_Items listed in a dataset_
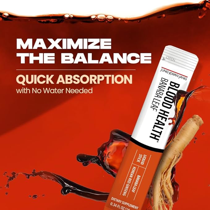 JungKwanJang Blood Health Banaba Leaf Extract (100mg), Carob Pods, Korean Red Ginseng Everytime Extract Sticks for Circulation, Post Meal, Energy, 10 Count
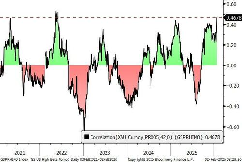 Goldman recently highlighted the correlation between Momentum and Gold is at multi-year highs which is driven by the surge in mining stocks.
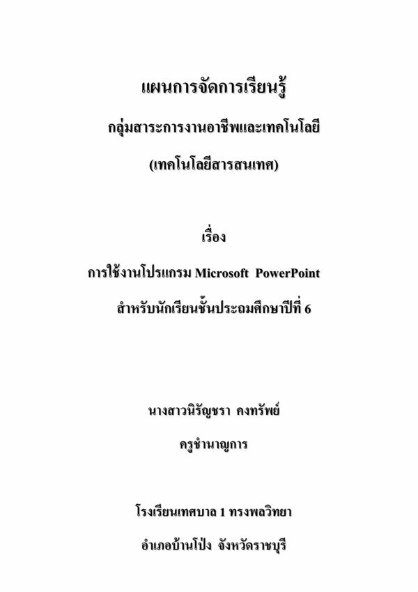 แผนการจัดการเรียนรู้ การใช้งานโปรแกรม Microsoft PoWerPoint ชั้น ป.6 ผลงานครูนิรัญชรา คงทรัพย์
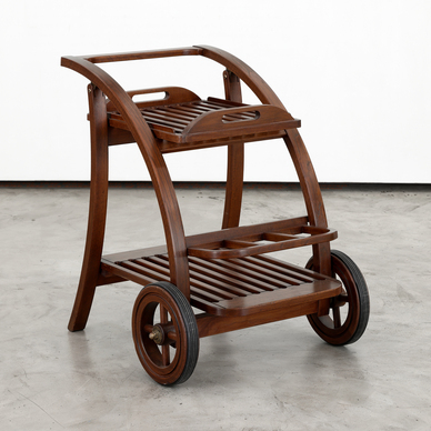 Teak with metal hardware and rubber wheels
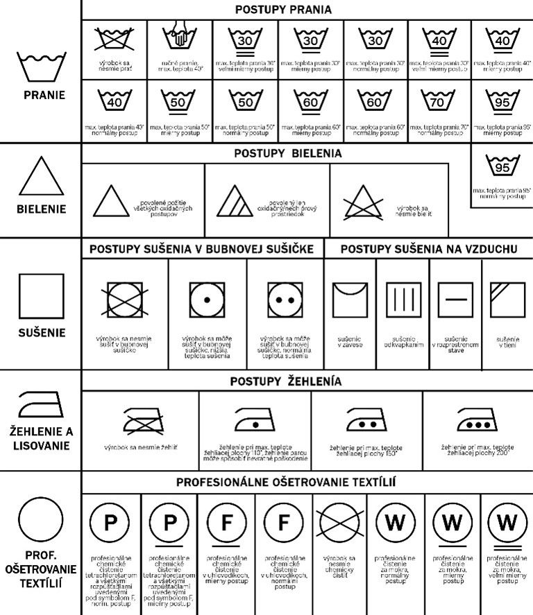 Skôr ako začnete s ošetrovaním textilu, porovnajte symboly s vysvetlivkami uvedenými na letáku nižšie. Vždy dodržujte pokyny na etikete, ktorú nájdete prišitú na Vašom odeve.
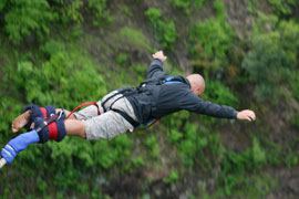 Known as bungee jumping, willing participants attach a special cord to their ankles and after a fair amount of persuasion and at least 2 or 3 "no, I cant do it" remarks, they throw themselves into thin air and hurtle down to the ground below. Just in time, the stretchy bungee cord pulls tight and the jump is complete.
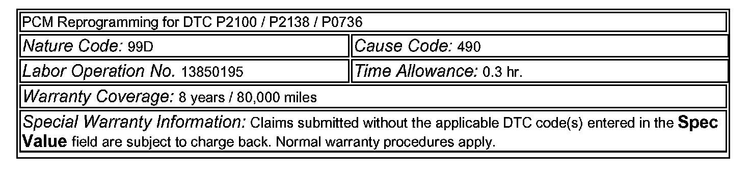 On some affected vehicles, incorrect software parameters in the PCM may cause the MIL to illuminate and Diagnostic Trouble Code P2100 (Throttle Actuator Control Motor Circuit), P2138 (Accelerator Pedal Position Sensor (main and sub) Range/Performance Problem) or P0736 Reverse Gear
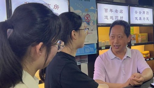 嚴土根醫生是墻御醫胡維勤親傳弟子。踏入百年老號同德仁堂,時光仿佛在此沉淀。嚴土根醫生對各種藥材如數家珍,他耐心向隊員們講述自己少年時在藥香中浸染的學藝歲月。嚴醫生守護的不僅是店鋪,更是新安醫藥“道地藥材、遵古炮制”的金字招牌。
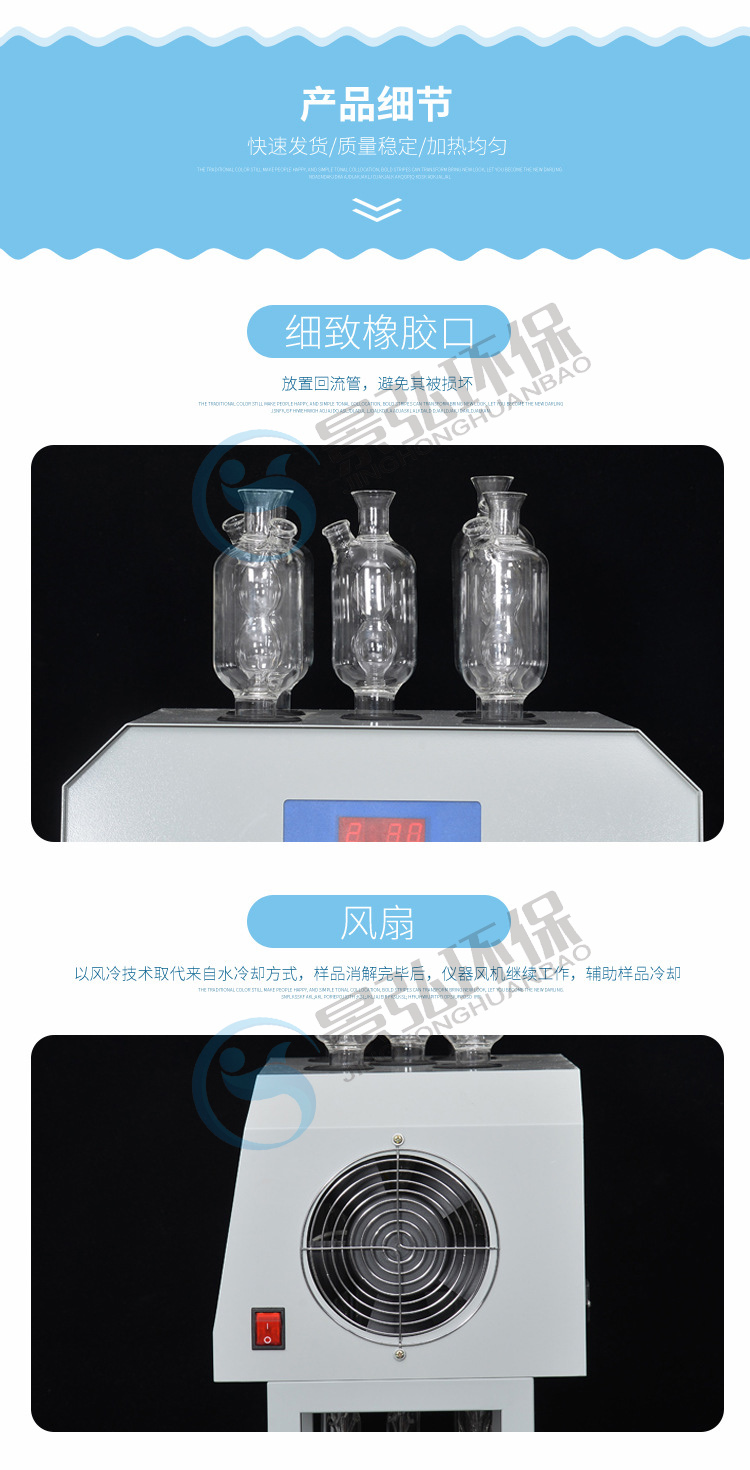 儀器采用微機(jī)技術(shù)進(jìn)行定時(shí)控制加熱電爐,可對6個(gè)消解器瓶回流裝置同時(shí)進(jìn)行加熱。從而達(dá)到節(jié)能增效的目的。 該儀器采用玻璃玻璃毛刺回流管代替球形回流管,并以風(fēng)冷技術(shù)取代水冷,從而提高儀器的穩(wěn)定性和安全性。
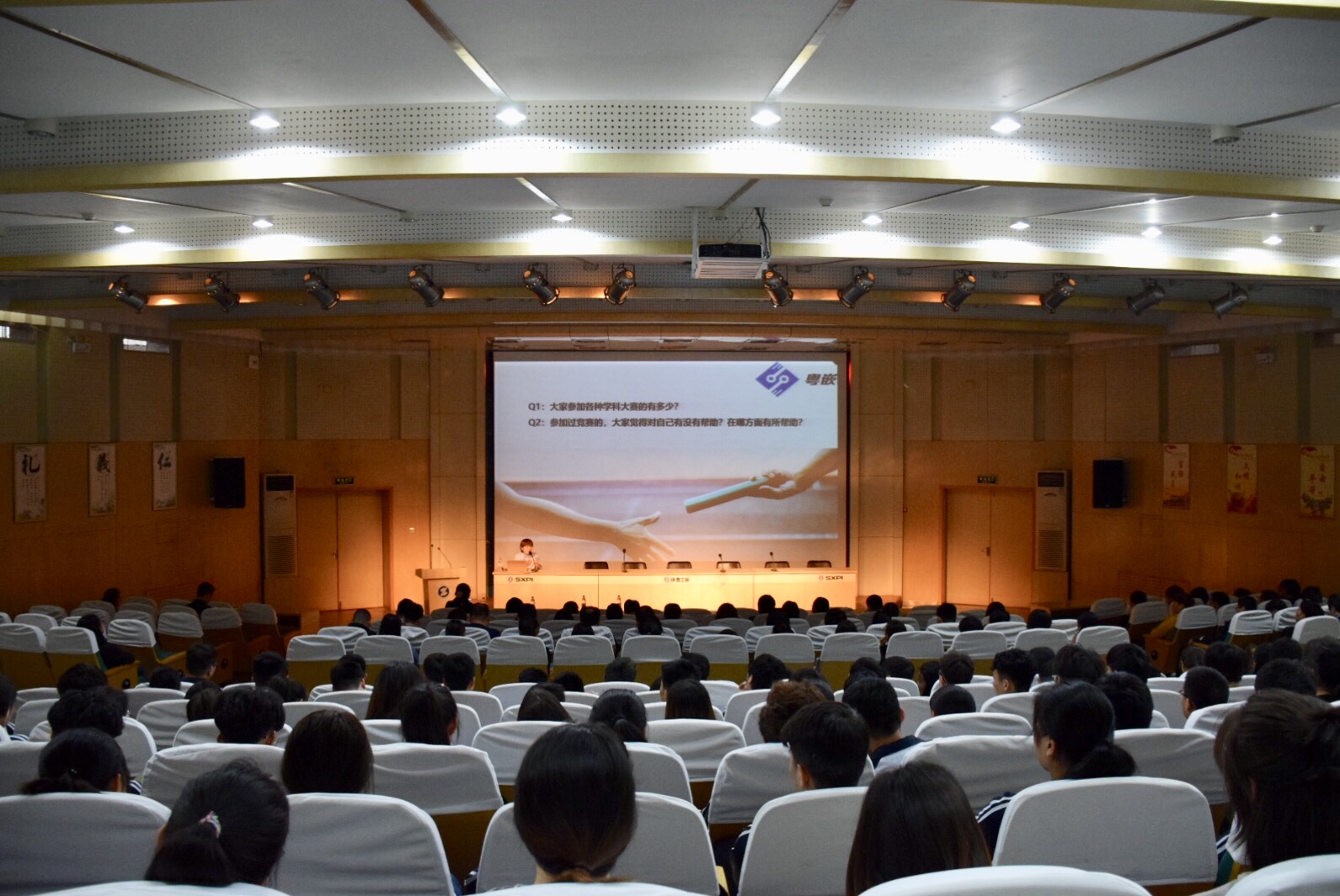 讲座中,赵宁老师为同学们解析了什么是“互联网+”及大学生参加学科竞赛的意义和好处,分析了历届获奖项目和案例,并介绍了如何入手“互联网+”项目、撰写商业策划书的注意事项等。
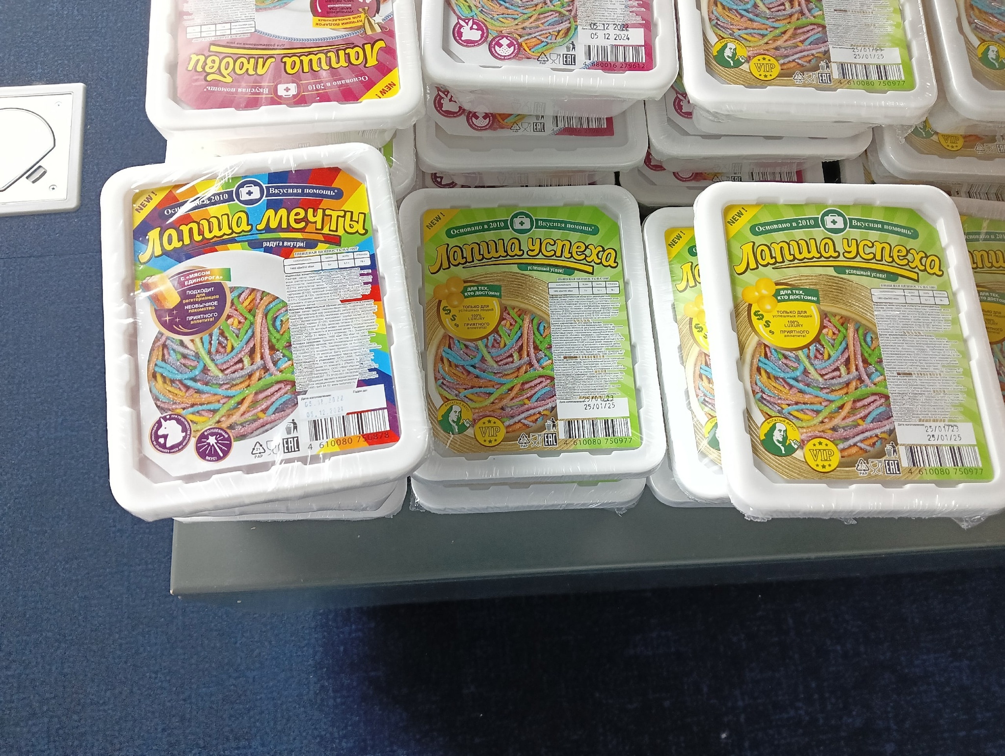 Под этим снимком можно было бы написать, что пассажиры и сотрудники на радости набирают полные тележки еды, но нет. Это привезли пополнить запасы на полках.
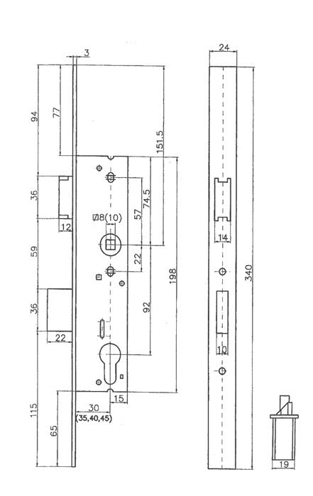 Version PZW - 1 tour - avec alternance - à chant - galvanisé - avec têtière de rénovation, extra longue 340mm, raccourcissable - distance 92 mm - carré 10 mm - utilisable DIN gauche / droite - pêne demi-tour et pêne dormant nickelés - sans gâche
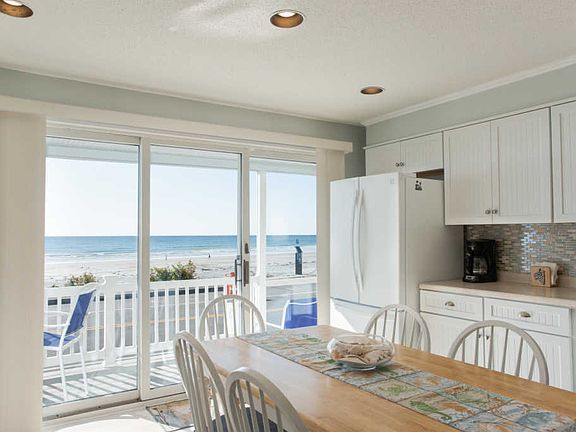 Take in the fresh sea breezes and spectacular ocean front views from this light and airy, year round townhouse on Long Sands Beach. Watch the surfers and listen to the beautiful ocean sounds while relaxing on one of the many decks. Main floor features recently renovated seagrass inspired kitchen with a huge pantry, modern stone wood burning fireplace, and coastal style living room that leads to a large deck. Stunning ocean views and decks from 2 of the upstairs bedrooms. Tons of storage on every level including a walk in closet in the finished walkout lower level, which also features another bath, laundry, mudroom and den. Never worry about parking at the beach again. Great rental income potential of $3,000+ a week in the summer. Walk, bike or hop the convenient Trolley to Nubble Light or Short Sands beach area. York Beach life is calling!

_Work instructions_
Each line from the one that contains "แผนการจัดการเรียนรู้ การใช้งานโปรแกรม Microsoft" down to the one that contains "Version PZW - 1" is to be returned exactly as it stands above, both ends included, with pictures removed.

_Written solution_
 แผนการจัดการเรียนรู้ การใช้งานโปรแกรม Microsoft PoWerPoint ชั้น ป.6 ผลงานครูนิรัญชรา คงทรัพย์
 Teak with metal hardware and rubber wheels
 Skôr ako začnete s ošetrovaním textilu, porovnajte symboly s vysvetlivkami uvedenými na letáku nižšie. Vždy dodržujte pokyny na etikete, ktorú nájdete prišitú na Vašom odeve.
 Known as bungee jumping, willing participants attach a special cord to their ankles and after a fair amount of persuasion and at least 2 or 3 "no, I cant do it" remarks, they throw themselves into thin air and hurtle down to the ground below. Just in time, the stretchy bungee cord pulls tight and the jump is complete.
 On some affected vehicles, incorrect software parameters in the PCM may cause the MIL to illuminate and Diagnostic Trouble Code P2100 (Throttle Actuator Control Motor Circuit), P2138 (Accelerator Pedal Position Sensor (main and sub) Range/Performance Problem) or P0736 Reverse Gear
 嚴土根醫生是墻御醫胡維勤親傳弟子。踏入百年老號同德仁堂,時光仿佛在此沉淀。嚴土根醫生對各種藥材如數家珍,他耐心向隊員們講述自己少年時在藥香中浸染的學藝歲月。嚴醫生守護的不僅是店鋪,更是新安醫藥“道地藥材、遵古炮制”的金字招牌。
 儀器采用微機(jī)技術(shù)進(jìn)行定時(shí)控制加熱電爐,可對6個(gè)消解器瓶回流裝置同時(shí)進(jìn)行加熱。從而達(dá)到節(jié)能增效的目的。 該儀器采用玻璃玻璃毛刺回流管代替球形回流管,并以風(fēng)冷技術(shù)取代水冷,從而提高儀器的穩(wěn)定性和安全性。
 讲座中,赵宁老师为同学们解析了什么是“互联网+”及大学生参加学科竞赛的意义和好处,分析了历届获奖项目和案例,并介绍了如何入手“互联网+”项目、撰写商业策划书的注意事项等。
 Под этим снимком можно было бы написать, что пассажиры и сотрудники на радости набирают полные тележки еды, но нет. Это привезли пополнить запасы на полках.
 Version PZW - 1 tour - avec alternance - à chant - galvanisé - avec têtière de rénovation, extra longue 340mm, raccourcissable - distance 92 mm - carré 10 mm - utilisable DIN gauche / droite - pêne demi-tour et pêne dormant nickelés - sans gâche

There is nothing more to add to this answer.